▶ Dataset excerpts
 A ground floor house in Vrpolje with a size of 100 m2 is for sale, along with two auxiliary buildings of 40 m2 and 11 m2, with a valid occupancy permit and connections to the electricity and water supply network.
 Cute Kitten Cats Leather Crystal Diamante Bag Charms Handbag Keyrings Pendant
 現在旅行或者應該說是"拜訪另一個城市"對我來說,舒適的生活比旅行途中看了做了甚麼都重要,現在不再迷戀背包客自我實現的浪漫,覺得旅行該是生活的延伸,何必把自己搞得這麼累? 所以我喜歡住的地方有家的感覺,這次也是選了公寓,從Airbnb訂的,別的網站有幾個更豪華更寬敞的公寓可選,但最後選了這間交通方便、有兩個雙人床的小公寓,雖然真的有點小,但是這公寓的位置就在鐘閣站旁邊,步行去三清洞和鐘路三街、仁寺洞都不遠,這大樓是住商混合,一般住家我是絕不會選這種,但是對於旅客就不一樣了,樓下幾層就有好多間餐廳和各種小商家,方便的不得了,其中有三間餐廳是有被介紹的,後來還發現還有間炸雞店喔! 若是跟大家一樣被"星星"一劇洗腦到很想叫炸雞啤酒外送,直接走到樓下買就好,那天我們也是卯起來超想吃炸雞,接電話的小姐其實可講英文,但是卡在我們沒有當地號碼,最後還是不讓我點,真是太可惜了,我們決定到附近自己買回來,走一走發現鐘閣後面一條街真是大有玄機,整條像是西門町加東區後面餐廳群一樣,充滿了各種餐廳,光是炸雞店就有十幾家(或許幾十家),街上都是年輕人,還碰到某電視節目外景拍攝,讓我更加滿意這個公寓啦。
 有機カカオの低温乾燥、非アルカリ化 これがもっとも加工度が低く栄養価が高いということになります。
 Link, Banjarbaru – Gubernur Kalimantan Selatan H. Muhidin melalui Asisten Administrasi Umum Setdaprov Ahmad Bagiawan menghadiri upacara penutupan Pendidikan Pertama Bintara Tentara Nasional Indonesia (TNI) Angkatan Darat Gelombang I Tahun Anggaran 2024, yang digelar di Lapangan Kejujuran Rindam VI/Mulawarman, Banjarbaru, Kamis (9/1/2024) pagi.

▶ Exercise brief
The answer should hold the lines from the one containing "Cute Kitten Cats" through the end of the entries above, set down exactly, with both ends included.

▶ Response below
 Cute Kitten Cats Leather Crystal Diamante Bag Charms Handbag Keyrings Pendant
 現在旅行或者應該說是"拜訪另一個城市"對我來說,舒適的生活比旅行途中看了做了甚麼都重要,現在不再迷戀背包客自我實現的浪漫,覺得旅行該是生活的延伸,何必把自己搞得這麼累? 所以我喜歡住的地方有家的感覺,這次也是選了公寓,從Airbnb訂的,別的網站有幾個更豪華更寬敞的公寓可選,但最後選了這間交通方便、有兩個雙人床的小公寓,雖然真的有點小,但是這公寓的位置就在鐘閣站旁邊,步行去三清洞和鐘路三街、仁寺洞都不遠,這大樓是住商混合,一般住家我是絕不會選這種,但是對於旅客就不一樣了,樓下幾層就有好多間餐廳和各種小商家,方便的不得了,其中有三間餐廳是有被介紹的,後來還發現還有間炸雞店喔! 若是跟大家一樣被"星星"一劇洗腦到很想叫炸雞啤酒外送,直接走到樓下買就好,那天我們也是卯起來超想吃炸雞,接電話的小姐其實可講英文,但是卡在我們沒有當地號碼,最後還是不讓我點,真是太可惜了,我們決定到附近自己買回來,走一走發現鐘閣後面一條街真是大有玄機,整條像是西門町加東區後面餐廳群一樣,充滿了各種餐廳,光是炸雞店就有十幾家(或許幾十家),街上都是年輕人,還碰到某電視節目外景拍攝,讓我更加滿意這個公寓啦。
 有機カカオの低温乾燥、非アルカリ化 これがもっとも加工度が低く栄養価が高いということになります。
 Link, Banjarbaru – Gubernur Kalimantan Selatan H. Muhidin melalui Asisten Administrasi Umum Setdaprov Ahmad Bagiawan menghadiri upacara penutupan Pendidikan Pertama Bintara Tentara Nasional Indonesia (TNI) Angkatan Darat Gelombang I Tahun Anggaran 2024, yang digelar di Lapangan Kejujuran Rindam VI/Mulawarman, Banjarbaru, Kamis (9/1/2024) pagi.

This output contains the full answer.